Colorado State’s School of Global Environmental Sustainability Announces New Research Working Groups

Colorado State University’s School of Global Environmental Sustainability is pleased to announce the spring 2009 research working groups dedicated to meeting the broad array of environmental and sociological issues of sustainability. The working groups will build upon some of CSU’s traditional areas of scientific strength – water, crops, livestock, land-use change and global change.

The school will help faculty cross traditional disciplinary boundaries to explore local and global sustainability issues. Students will benefit through intellectual advancement and by developing real-world innovations to solve environmental problems.

One of the main goals of the school is to encourage integration of the natural and social sciences with the policy and design-making community and creating a deeper understanding of complex environmental problems. The research working groups will help faculty from a host of disciplinary backgrounds interact to better understand and forecast the impacts of contemporary global changes, including climate change, land-use change and invasive species and how these issues impact environmental sustainability.

"The school is placing a significant investment in forging new ‘multidisciplinary research think tanks’ to assist CSU faculty who want to use their expertise and creativity to explore solutions to so many of the earth’s pressing problems. CSU has incredibly bright and talented faculty that want to work together and advance knowledge. They will make a tremendous difference," said Diana Wall, director of the School of Global Environmental Sustainability.

The school, which was created last summer, has more than 150 Colorado State faculty members affiliated with it. Students through the Student Environmental Leadership Network and post-doctoral researchers are also involved and integral to sharing knowledge in the research working groups of the school.

The spring 2009 research working groups join the school’s first research working groups awarded in fall 2008. The Global Change Theory Research Working Group is led by biology Professor Alan Knapp and includes scientists from other campuses. Political science Professor Michele Betsill is leading the Environmental Governance Research Working Group. This working group has 50 faculty members participating from five colleges across the university.

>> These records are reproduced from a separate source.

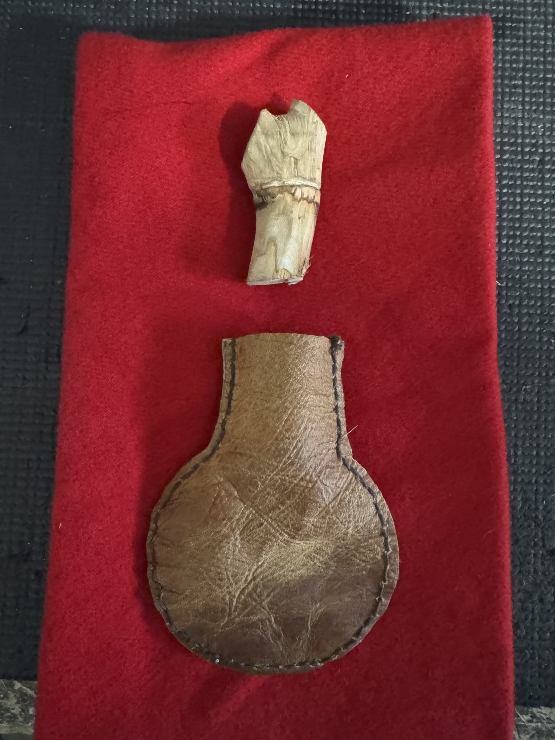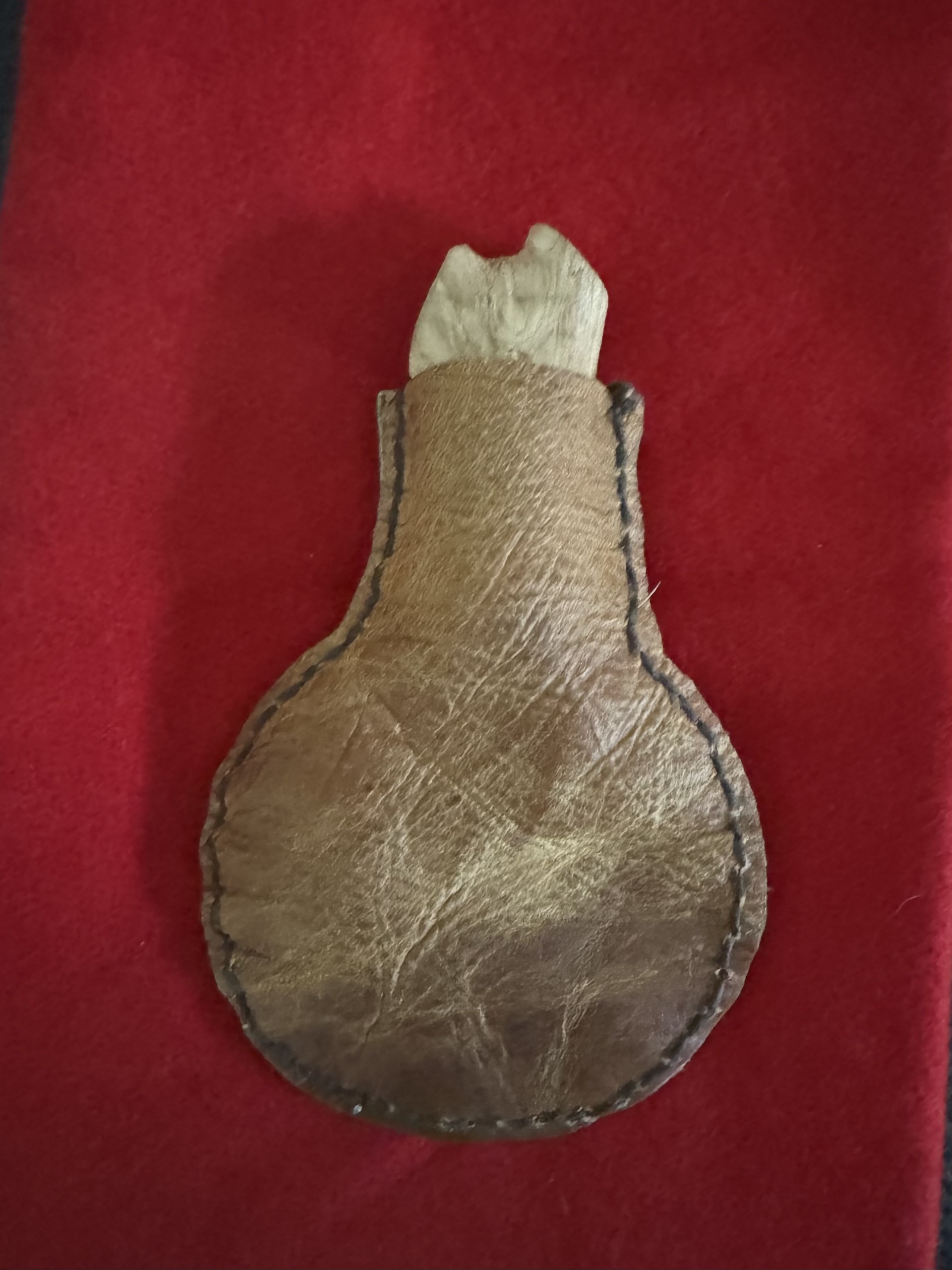 Bark tan deer, linen cord, Apple stopper. Up to .70 Caliber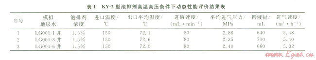 使用PP-1型高溫高壓泡沫評(píng)價(jià)裝置測(cè)定高溫高壓條件下KY-2泡排劑動(dòng)態(tài)性能,其測(cè)試結(jié)果見表1。實(shí)驗(yàn)數(shù)據(jù)表明在進(jìn)口溫度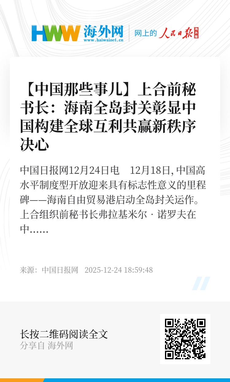 上合组织前秘书长弗拉基米尔•诺罗夫在中国日报网撰文指出,这不仅仅是一项海关制度的创新,更是中国特色自由贸易港建设进入成熟阶段的生动体现,彰显了中国以更积极姿态融入全球经济、塑造互利共赢秩序的坚定决心。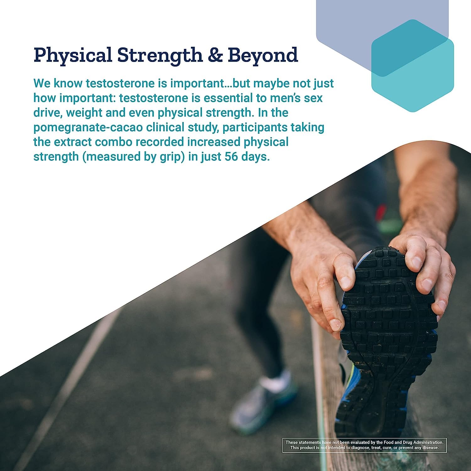 - PHYSICAL STRENGTH & BEYOND–We know testosterone is important...but maybe not just how important: testosterone is essential to men’s sex drive, weight and even physical strength. In the pomegranate-cacao clinical study, participants taking the extract combo recorded increased physical strength (measured by grip) in just 56 days.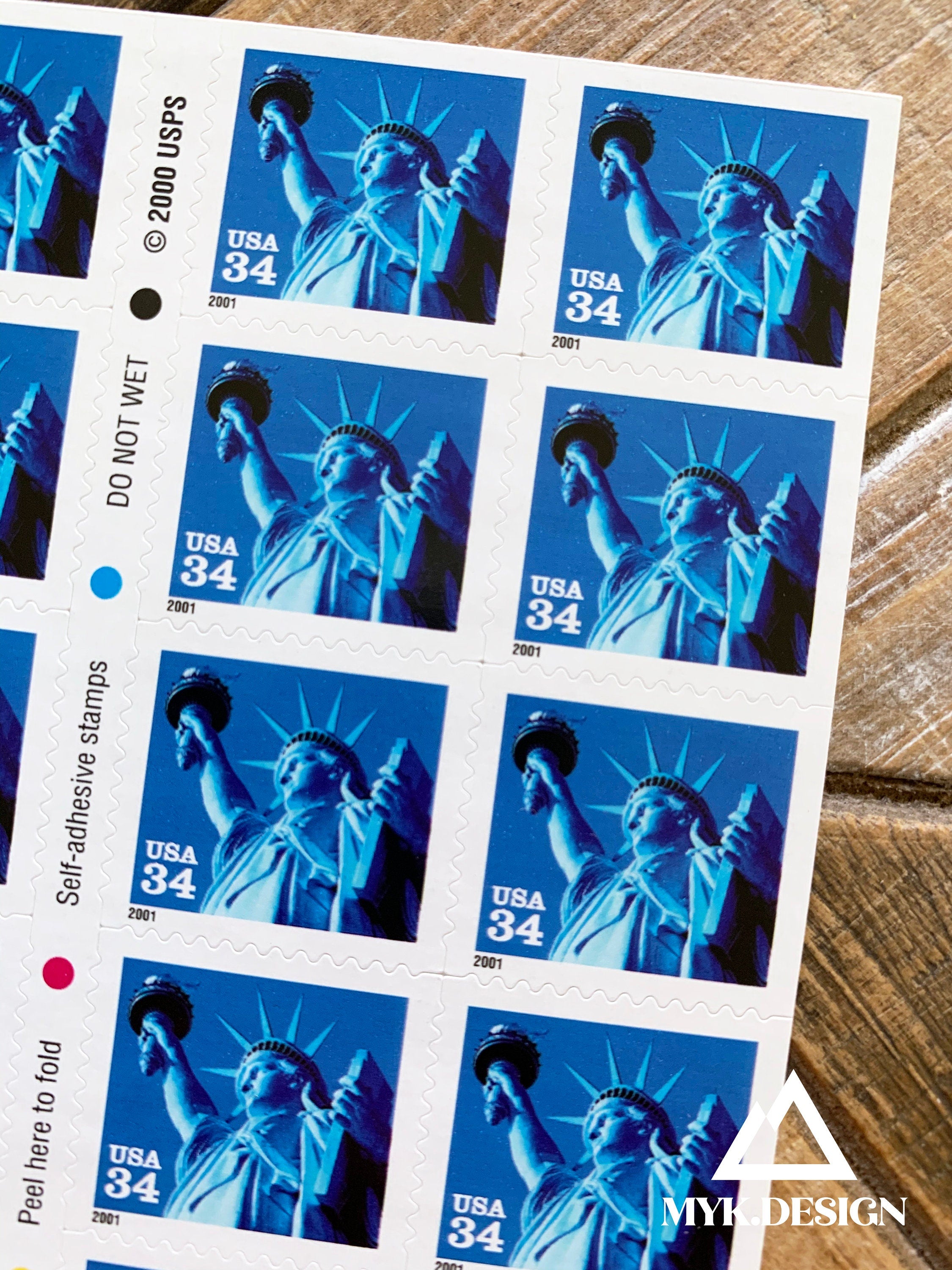 Shipping Info: We ship our stamps, stickers, and other flat items in a sturdy, flat mailer with tracking for the best protection. Because the post office considers this a “package” and not a flexible envelope, the cost of shipping is subject to package prices. This is the best way to protect your purchase.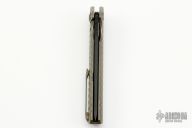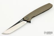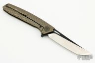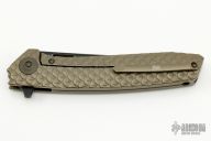 This 604Q by WE Knives has a two tone, tanto style blade with black coated grinds and satin flats. The blade features a thumb hole, notched thumbrest and flipper. The handle is comprised of a black "Scale" machined titanium frame with anodized titanium tip up clip. Great blade seating, detent and lock up. Includes padded and zippered case, disassembly tool. Has some light scuffs and scratches, otherwise excellent condition.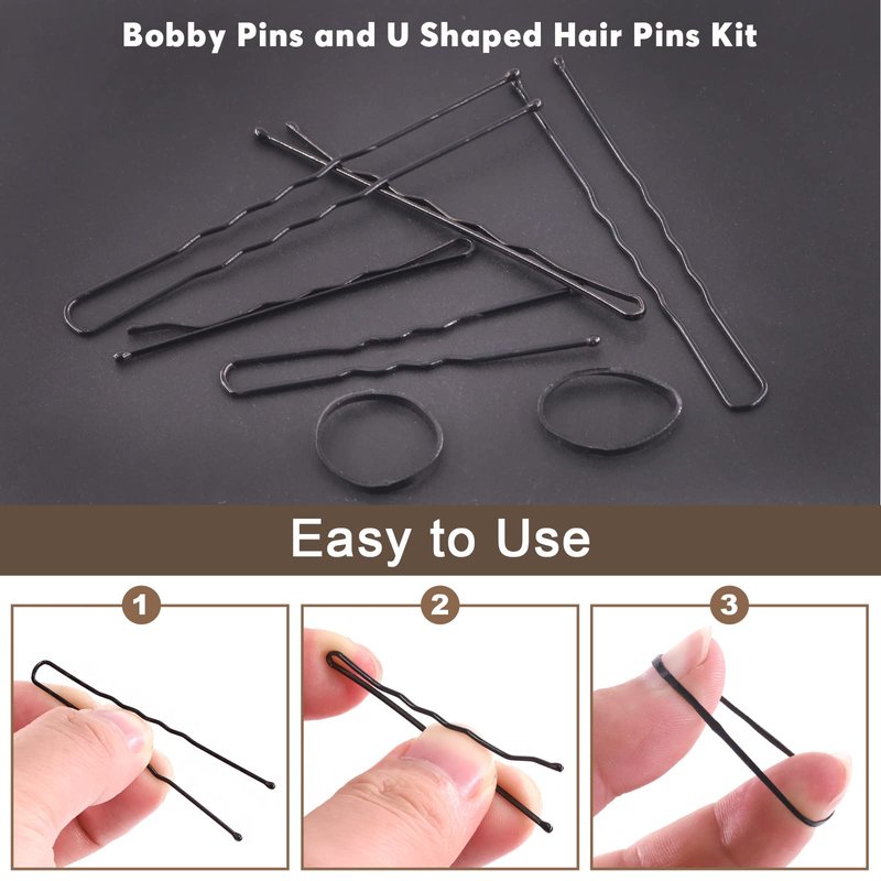 - π₯ What You Get ------ In this kit, You will get 380Pcs 2 Inch Bobby Pins and 2.4 Inch U Shaped Hair Pins with Black Rubber Bands. 2 Styles Hair Pins Bobby Pins and U Shaped Hair Pins, 100Pcs Black Rubber Bands. In total 380Pcs. The right size to pin the hair, enough for your spare and replacement in daily.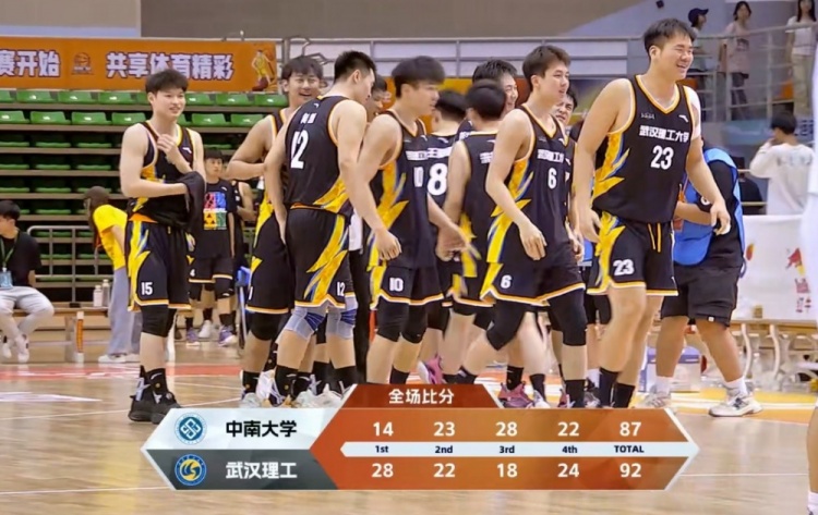 末节决战,石丰铭一攻一传助队紧咬比分,王鹏翼和付典钦接连内线回应,武汉理工持续保持住微弱领先。龚思成三分还能进,黄智三分也能强势回应,付典钦再次突破打进,黄智突破强打再进,武汉理工一波9-0几乎杀死比赛,龚思成三分再进但为时已晚,最终武汉理工92-87力克中南大学。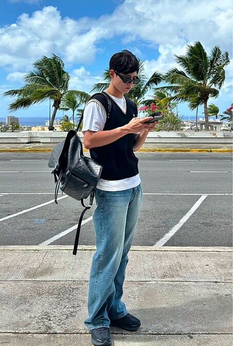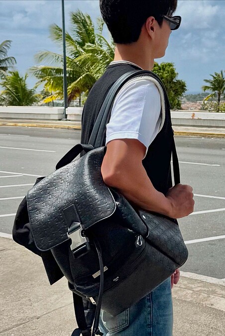 朴寶劍一身學院風的上身造型搭配寬鬆丹寧褲,清新自然的質男印象深得人心,而他上肩的後背包是來自 CELINE 的 TRIOMPHE 雙肩後背包。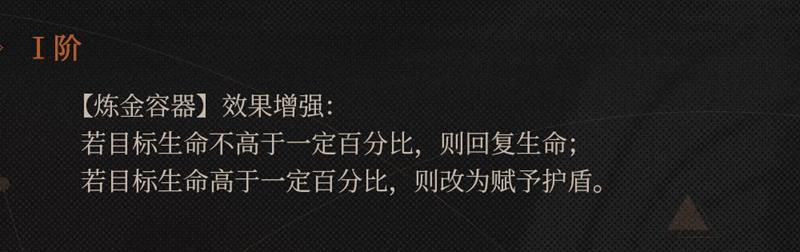 I阶 【炼金容器】效果增强: 若目标生命不高于一定百分比,则回复生命; 若目标生命高于一定百分比,则改为赋予护盾。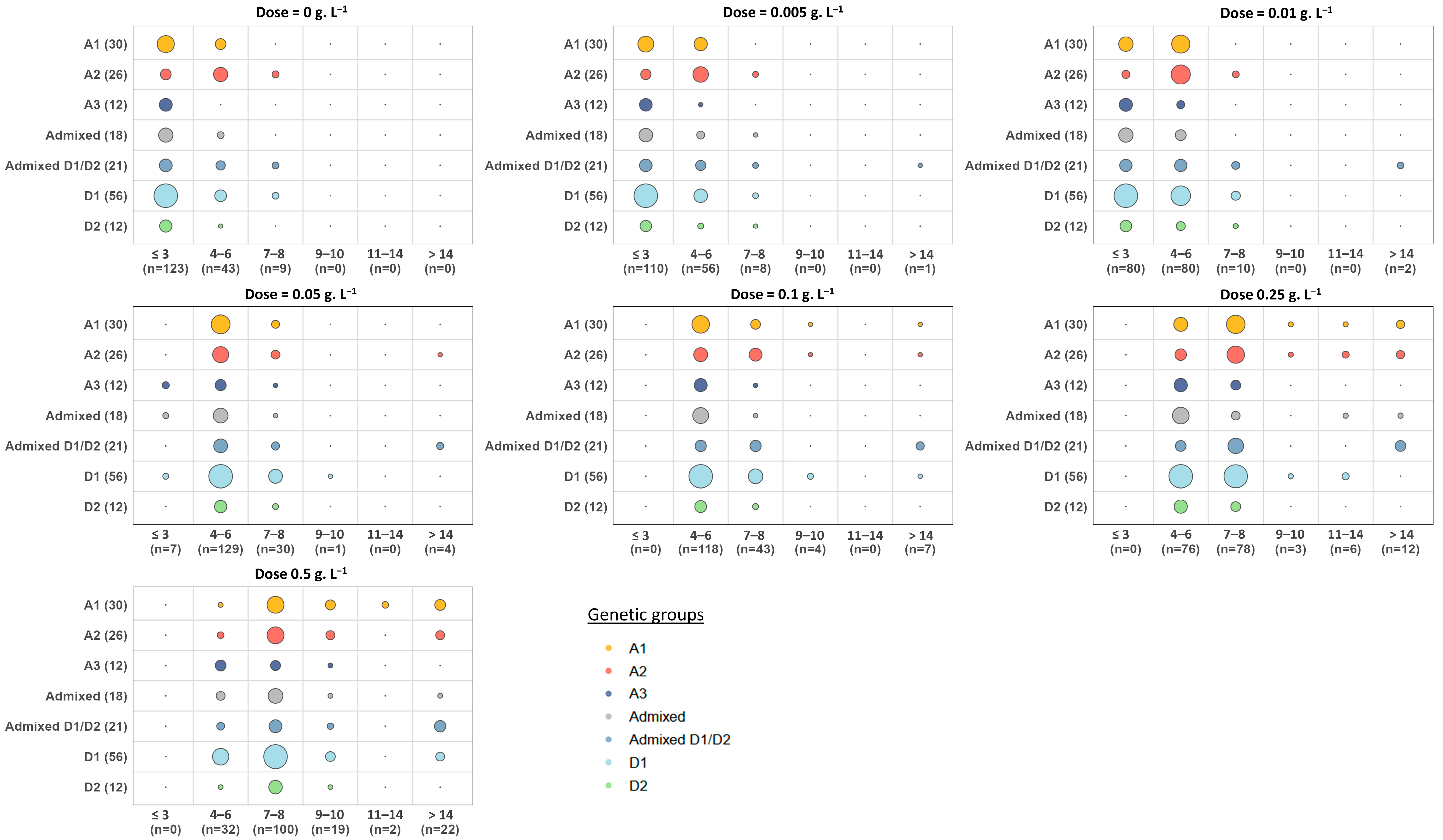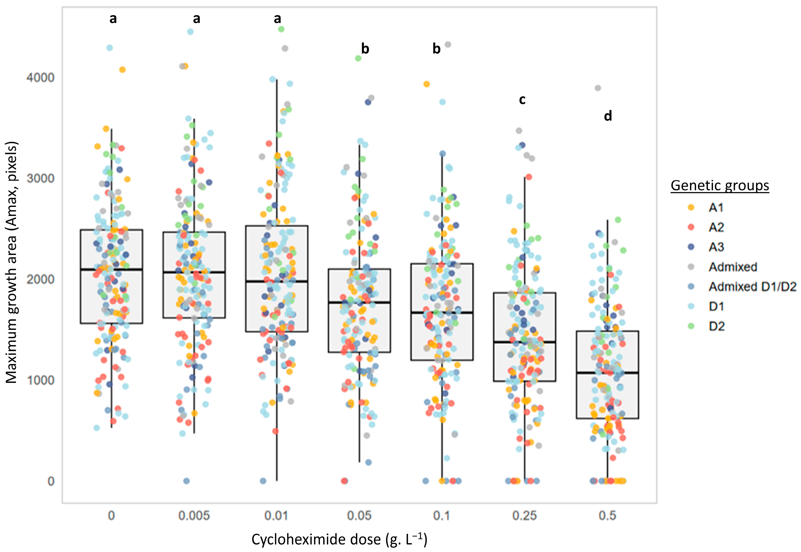 3.1.3. Combined Effect of Cycloheximide Dose and Genetic Group on Growth Delay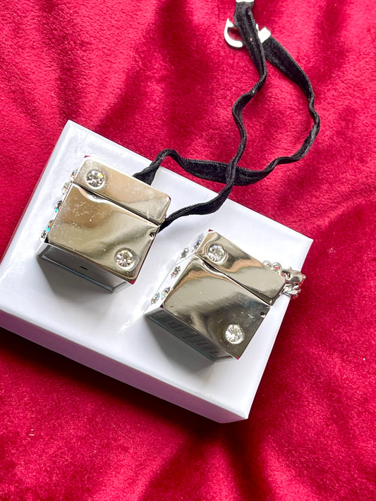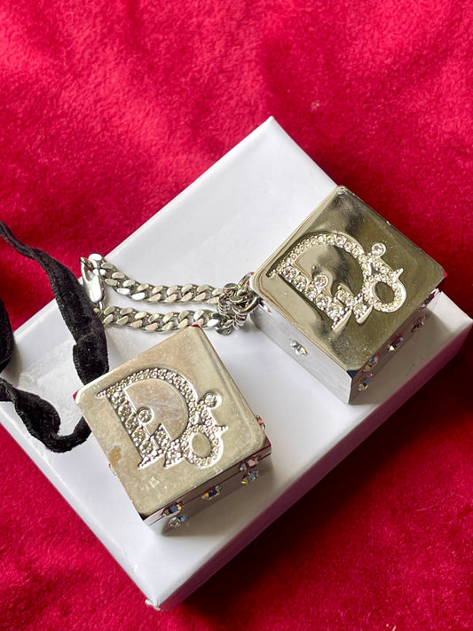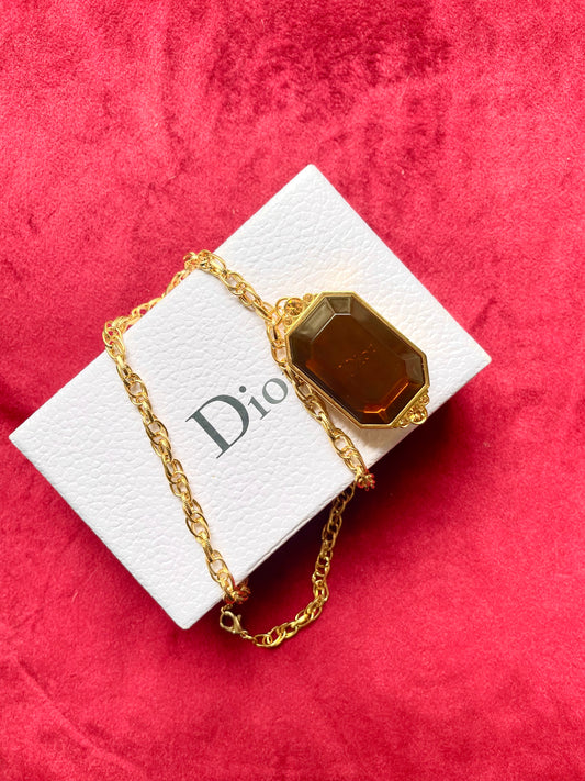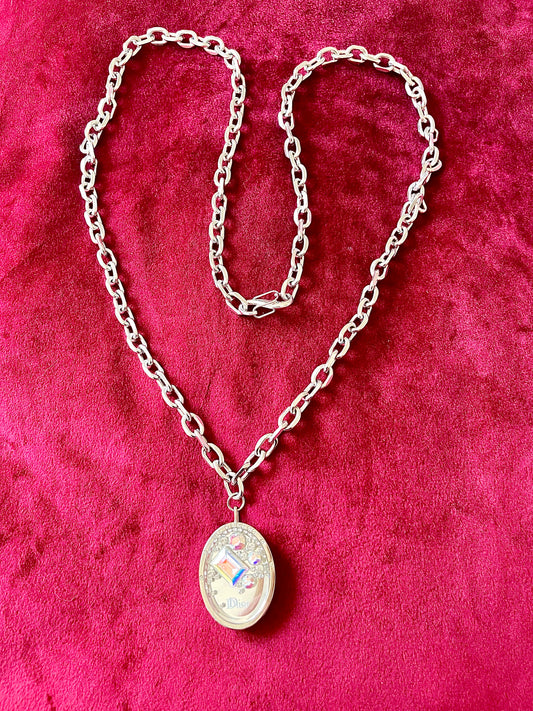 Golden Dior Couture Jewelled Encrusted Luminizing Highlighter Glow Makeup Pendant Necklace & Mirror

The newest research working groups cross all eight CSU colleges. Funds from the school will be used to enhance existing initiatives and to catalyze and establish new group activities such as panels, workshops, visiting experts and assessments. The groups are:

Sustainable Urban Water System Research Working Group: The lead principle investigators are Larry A. Roesner, and Sybil Sharvelle in civil and environmental engineering. This research working group will address the development of sustainable urban water systems in new urban communities along the Front Range of Colorado.

Crops for Health Research Working Group: Elizabeth Ryan and Henry J. Thompson, both in horticulture and researchers in the Cancer Prevention Laboratory, and Barbara Wallner in CSU’s School of Education will lead a multidisciplinary research working group that explores issues related to link agricultural production of staple foods to nutritional goals and human health needs. This group works to create food systems that make sustainable improvements in human nutrition and health through environmental disease control and prevention.

Institute for Society, Landscape, and Ecosystem Change Research Working Group: The lead principle investigators are Chris Fisher and Kathleen Galvin in the anthropology department. The researchers in this working group will study the long-term trajectory of human/environmental landscapes and their sustainability and resilience under conditions of global change.

Institute for Livestock and the Environment Research Working Group: The lead principle investigator is Jessica Davis, Department of Soil and Crop Sciences and director of CSU’s Institute for Livestock and the Environment. The research working group will assess the relationship between livestock and the environment with five focus areas – water quality, air quality, ecosystems, pathogens and pharmaceuticals. Livestock interactions with the environment are a critical issue here in Colorado and around the world.